Assignment:
Transcribe these records exactly, dropping every picture.

---

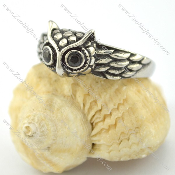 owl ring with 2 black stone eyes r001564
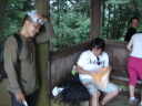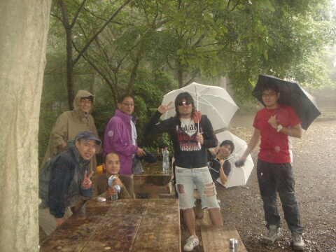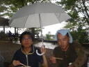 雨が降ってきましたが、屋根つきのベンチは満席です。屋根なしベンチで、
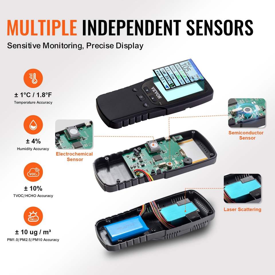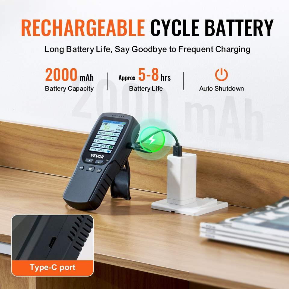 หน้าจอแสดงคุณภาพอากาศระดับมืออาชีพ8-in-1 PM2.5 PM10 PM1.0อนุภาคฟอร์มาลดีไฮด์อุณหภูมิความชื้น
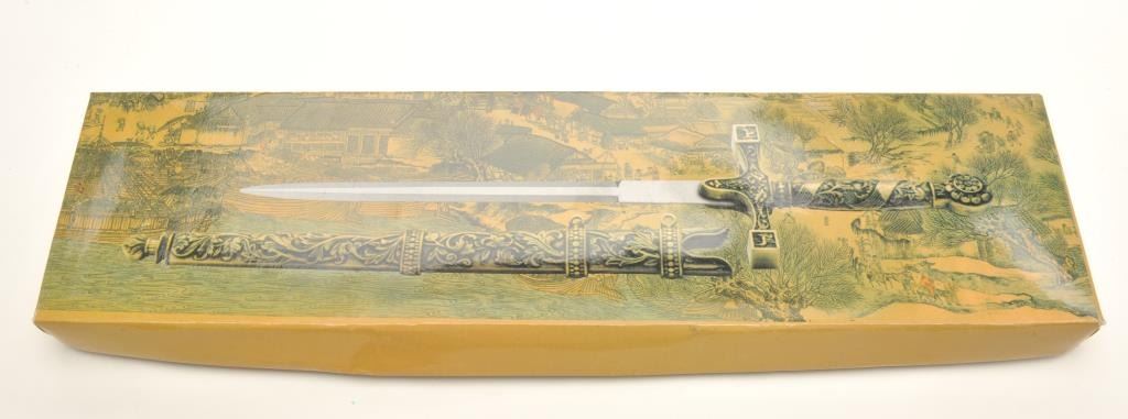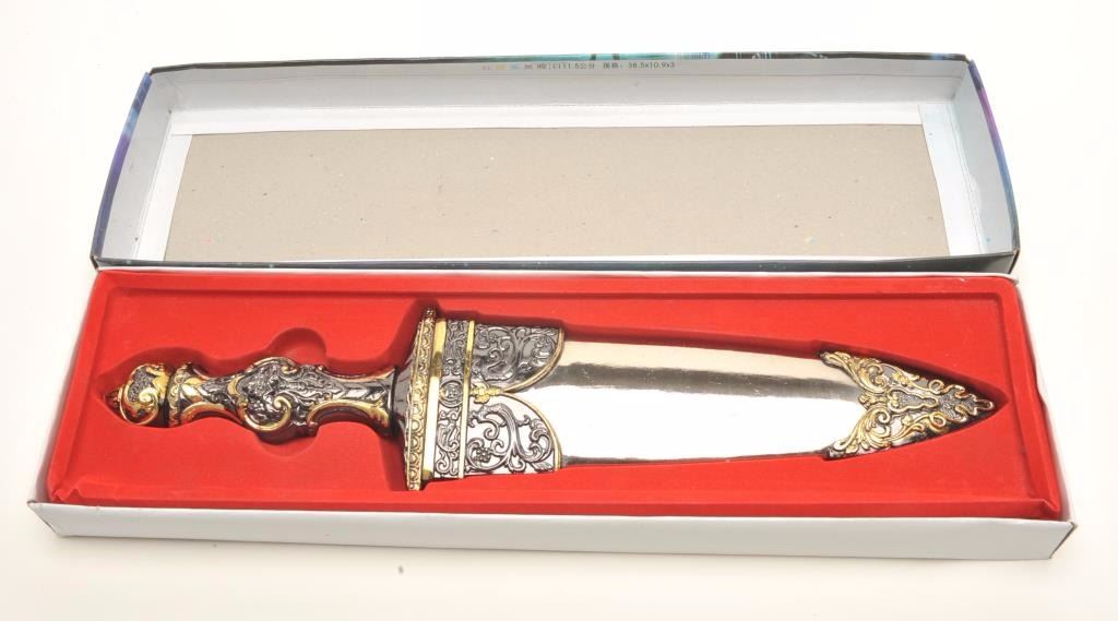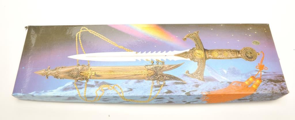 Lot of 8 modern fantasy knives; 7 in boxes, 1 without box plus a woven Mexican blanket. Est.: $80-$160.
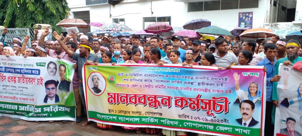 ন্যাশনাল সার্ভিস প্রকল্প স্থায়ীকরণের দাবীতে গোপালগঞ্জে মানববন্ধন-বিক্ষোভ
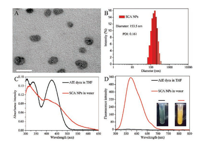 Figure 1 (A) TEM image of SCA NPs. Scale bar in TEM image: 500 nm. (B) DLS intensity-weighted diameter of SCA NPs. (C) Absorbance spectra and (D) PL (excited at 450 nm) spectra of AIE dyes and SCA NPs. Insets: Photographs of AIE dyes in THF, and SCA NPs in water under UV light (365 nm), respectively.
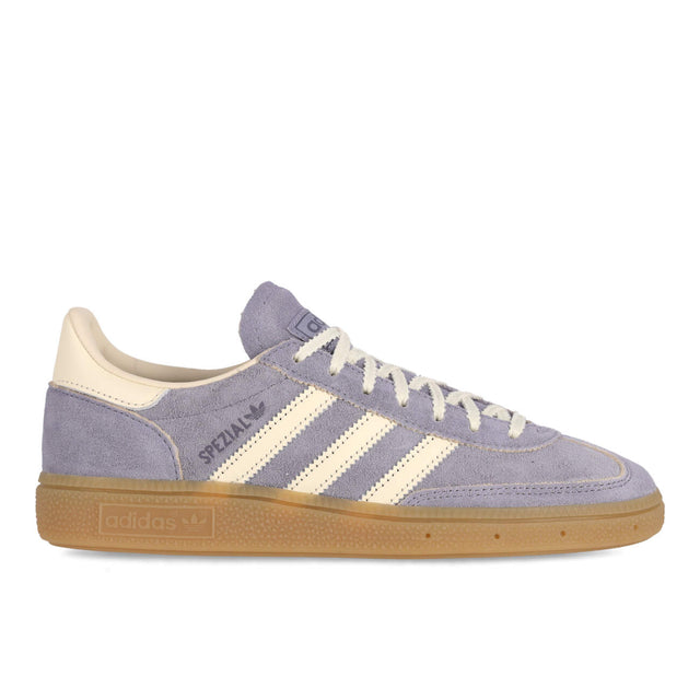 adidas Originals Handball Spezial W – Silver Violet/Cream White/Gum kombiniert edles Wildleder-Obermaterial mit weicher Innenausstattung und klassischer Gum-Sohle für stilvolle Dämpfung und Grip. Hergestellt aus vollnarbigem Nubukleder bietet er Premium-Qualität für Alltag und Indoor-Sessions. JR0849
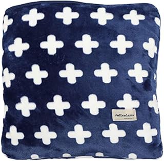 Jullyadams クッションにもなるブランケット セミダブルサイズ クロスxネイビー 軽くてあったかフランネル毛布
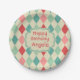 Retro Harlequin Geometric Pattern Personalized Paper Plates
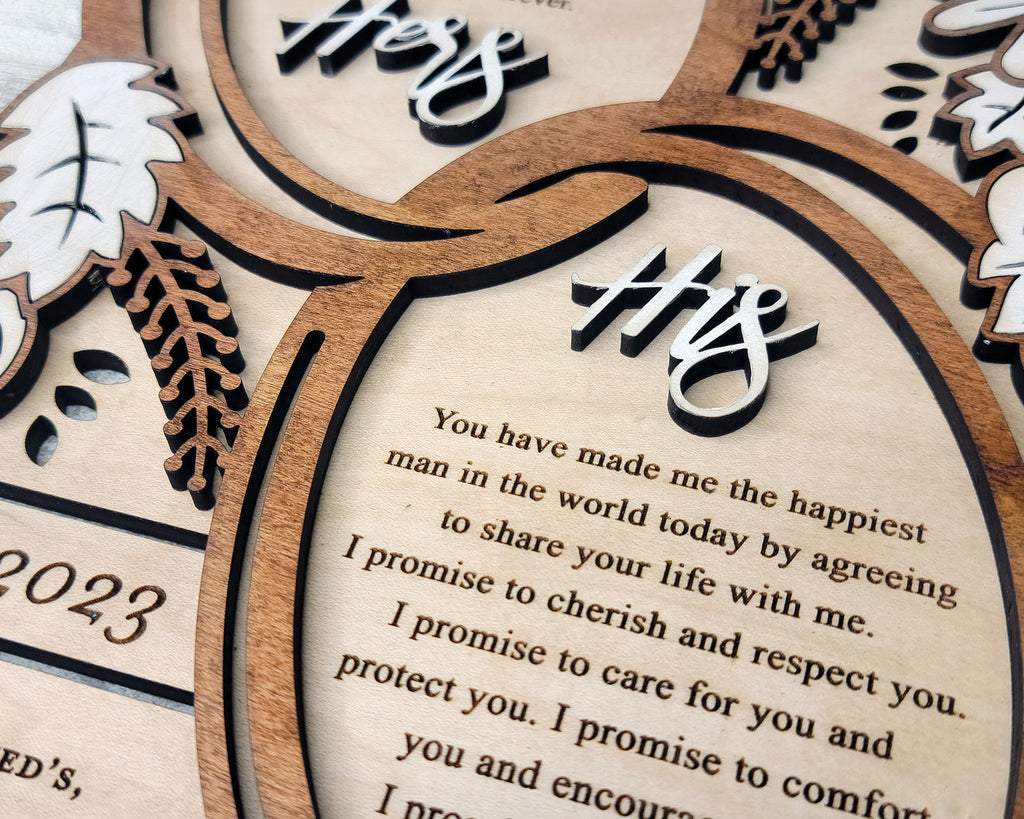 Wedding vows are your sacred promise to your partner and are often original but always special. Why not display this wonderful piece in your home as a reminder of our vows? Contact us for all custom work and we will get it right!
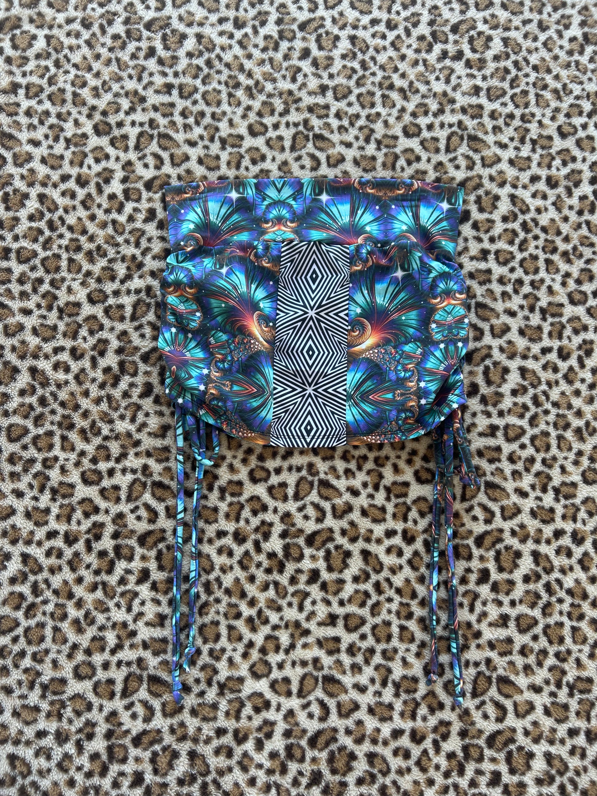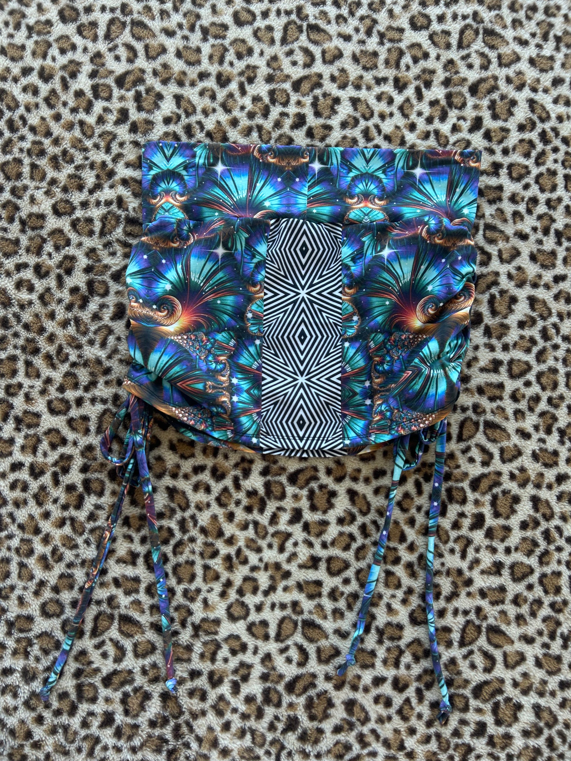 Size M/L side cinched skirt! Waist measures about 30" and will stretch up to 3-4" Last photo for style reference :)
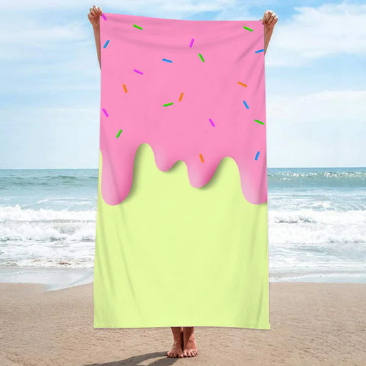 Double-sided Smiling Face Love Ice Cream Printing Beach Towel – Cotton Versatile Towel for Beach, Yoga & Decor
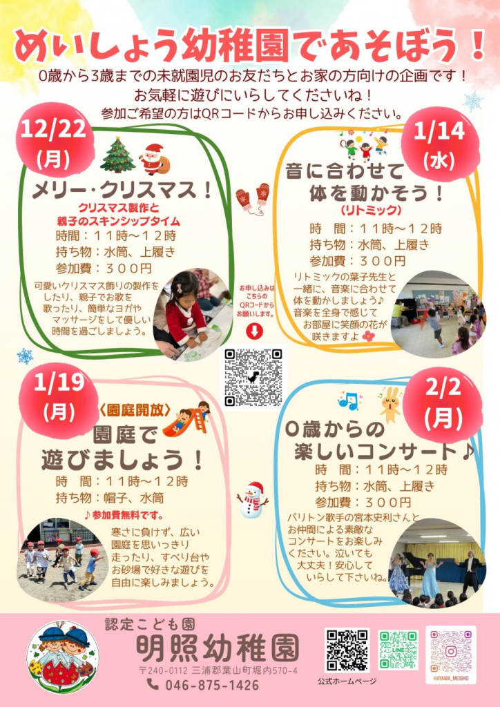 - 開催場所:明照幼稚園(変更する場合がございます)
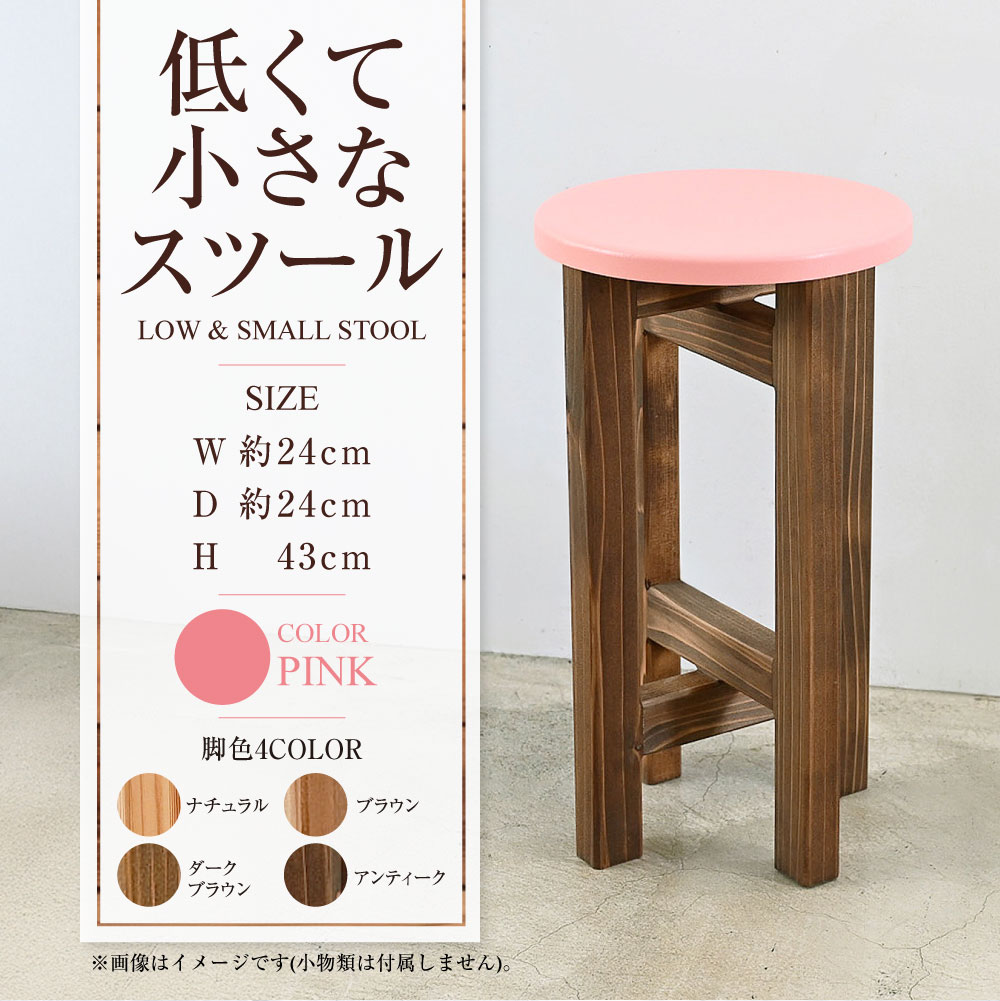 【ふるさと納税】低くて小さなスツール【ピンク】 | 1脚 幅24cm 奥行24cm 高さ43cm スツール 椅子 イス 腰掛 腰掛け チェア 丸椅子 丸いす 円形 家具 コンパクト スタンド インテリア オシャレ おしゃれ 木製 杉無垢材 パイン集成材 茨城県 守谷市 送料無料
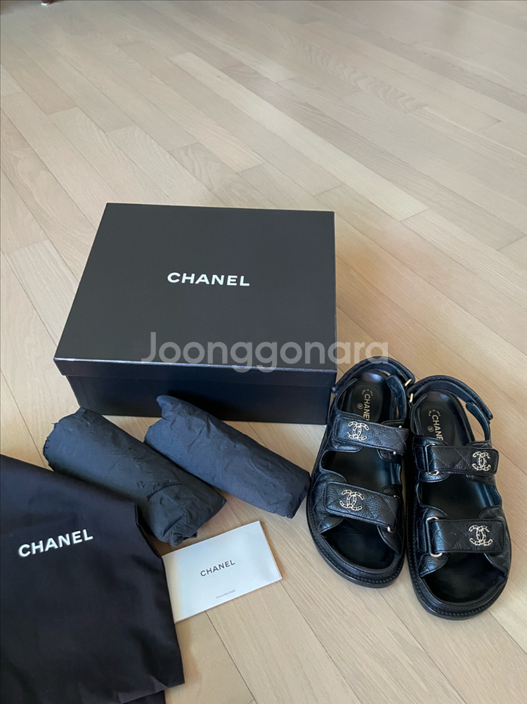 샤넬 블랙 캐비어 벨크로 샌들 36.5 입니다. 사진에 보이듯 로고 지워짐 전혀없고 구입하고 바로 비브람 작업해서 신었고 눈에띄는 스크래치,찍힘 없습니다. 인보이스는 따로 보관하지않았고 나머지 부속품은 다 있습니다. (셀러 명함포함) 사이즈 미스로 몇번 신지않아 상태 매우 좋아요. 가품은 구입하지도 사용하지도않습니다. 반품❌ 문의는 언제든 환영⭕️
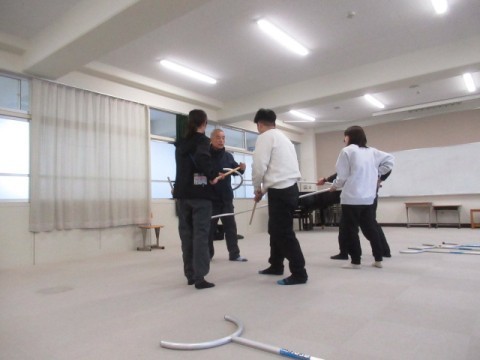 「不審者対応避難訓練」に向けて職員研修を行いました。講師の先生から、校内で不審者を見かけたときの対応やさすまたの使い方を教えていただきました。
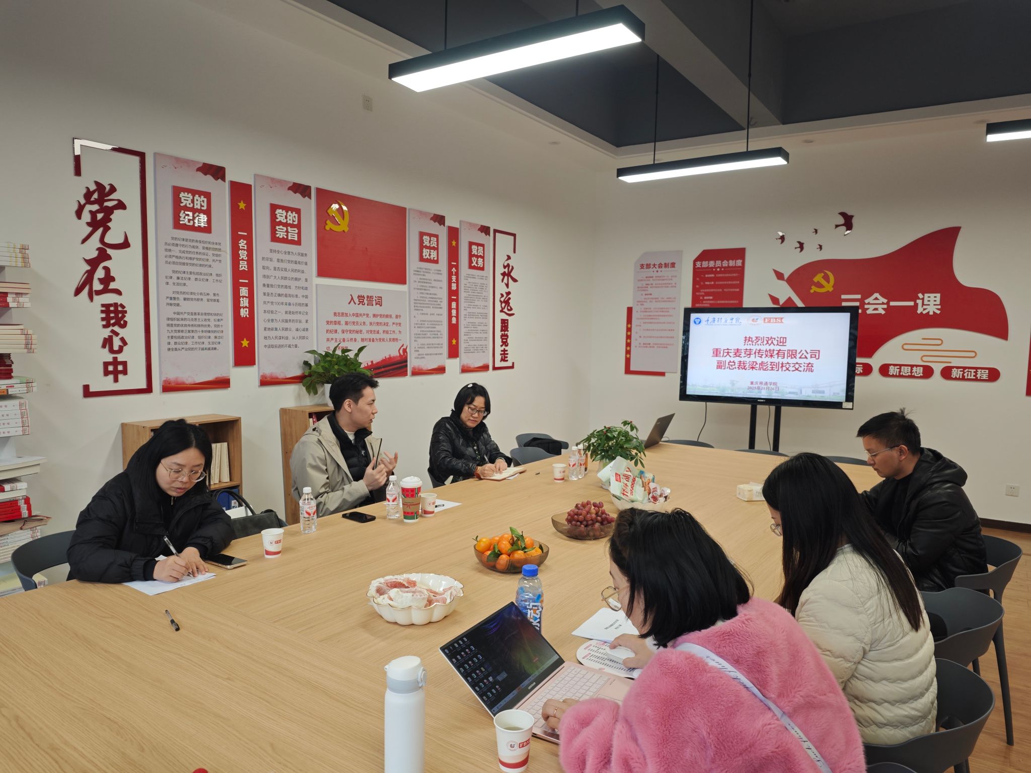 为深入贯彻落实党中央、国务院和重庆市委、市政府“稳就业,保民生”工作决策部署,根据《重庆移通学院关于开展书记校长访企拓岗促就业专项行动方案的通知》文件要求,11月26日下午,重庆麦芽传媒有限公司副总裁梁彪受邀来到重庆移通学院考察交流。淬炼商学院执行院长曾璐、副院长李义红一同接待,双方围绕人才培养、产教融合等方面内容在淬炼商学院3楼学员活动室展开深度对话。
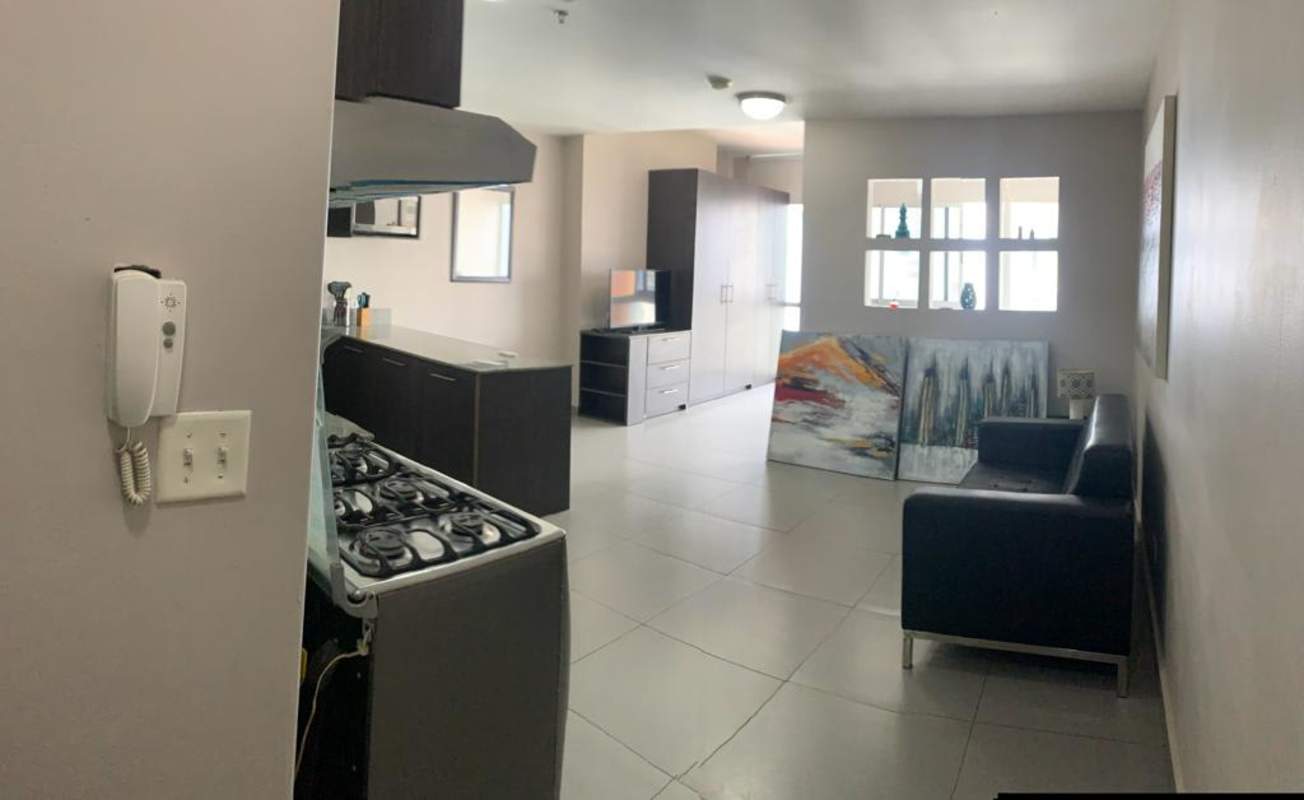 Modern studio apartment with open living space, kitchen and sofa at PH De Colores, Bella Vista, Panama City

---

Exercise output:
 owl ring with 2 black stone eyes r001564
 雨が降ってきましたが、屋根つきのベンチは満席です。屋根なしベンチで、
 หน้าจอแสดงคุณภาพอากาศระดับมืออาชีพ8-in-1 PM2.5 PM10 PM1.0อนุภาคฟอร์มาลดีไฮด์อุณหภูมิความชื้น
 Lot of 8 modern fantasy knives; 7 in boxes, 1 without box plus a woven Mexican blanket. Est.: $80-$160.
 ন্যাশনাল সার্ভিস প্রকল্প স্থায়ীকরণের দাবীতে গোপালগঞ্জে মানববন্ধন-বিক্ষোভ
 Figure 1 (A) TEM image of SCA NPs. Scale bar in TEM image: 500 nm. (B) DLS intensity-weighted diameter of SCA NPs. (C) Absorbance spectra and (D) PL (excited at 450 nm) spectra of AIE dyes and SCA NPs. Insets: Photographs of AIE dyes in THF, and SCA NPs in water under UV light (365 nm), respectively.
 adidas Originals Handball Spezial W – Silver Violet/Cream White/Gum kombiniert edles Wildleder-Obermaterial mit weicher Innenausstattung und klassischer Gum-Sohle für stilvolle Dämpfung und Grip. Hergestellt aus vollnarbigem Nubukleder bietet er Premium-Qualität für Alltag und Indoor-Sessions. JR0849
 Jullyadams クッションにもなるブランケット セミダブルサイズ クロスxネイビー 軽くてあったかフランネル毛布
 Retro Harlequin Geometric Pattern Personalized Paper Plates
 Wedding vows are your sacred promise to your partner and are often original but always special. Why not display this wonderful piece in your home as a reminder of our vows? Contact us for all custom work and we will get it right!
 Size M/L side cinched skirt! Waist measures about 30" and will stretch up to 3-4" Last photo for style reference :)
 Double-sided Smiling Face Love Ice Cream Printing Beach Towel – Cotton Versatile Towel for Beach, Yoga & Decor
 - 開催場所:明照幼稚園(変更する場合がございます)
 【ふるさと納税】低くて小さなスツール【ピンク】 | 1脚 幅24cm 奥行24cm 高さ43cm スツール 椅子 イス 腰掛 腰掛け チェア 丸椅子 丸いす 円形 家具 コンパクト スタンド インテリア オシャレ おしゃれ 木製 杉無垢材 パイン集成材 茨城県 守谷市 送料無料
 샤넬 블랙 캐비어 벨크로 샌들 36.5 입니다. 사진에 보이듯 로고 지워짐 전혀없고 구입하고 바로 비브람 작업해서 신었고 눈에띄는 스크래치,찍힘 없습니다. 인보이스는 따로 보관하지않았고 나머지 부속품은 다 있습니다. (셀러 명함포함) 사이즈 미스로 몇번 신지않아 상태 매우 좋아요. 가품은 구입하지도 사용하지도않습니다. 반품❌ 문의는 언제든 환영⭕️
 「不審者対応避難訓練」に向けて職員研修を行いました。講師の先生から、校内で不審者を見かけたときの対応やさすまたの使い方を教えていただきました。
 为深入贯彻落实党中央、国务院和重庆市委、市政府“稳就业,保民生”工作决策部署,根据《重庆移通学院关于开展书记校长访企拓岗促就业专项行动方案的通知》文件要求,11月26日下午,重庆麦芽传媒有限公司副总裁梁彪受邀来到重庆移通学院考察交流。淬炼商学院执行院长曾璐、副院长李义红一同接待,双方围绕人才培养、产教融合等方面内容在淬炼商学院3楼学员活动室展开深度对话。
 Modern studio apartment with open living space, kitchen and sofa at PH De Colores, Bella Vista, Panama City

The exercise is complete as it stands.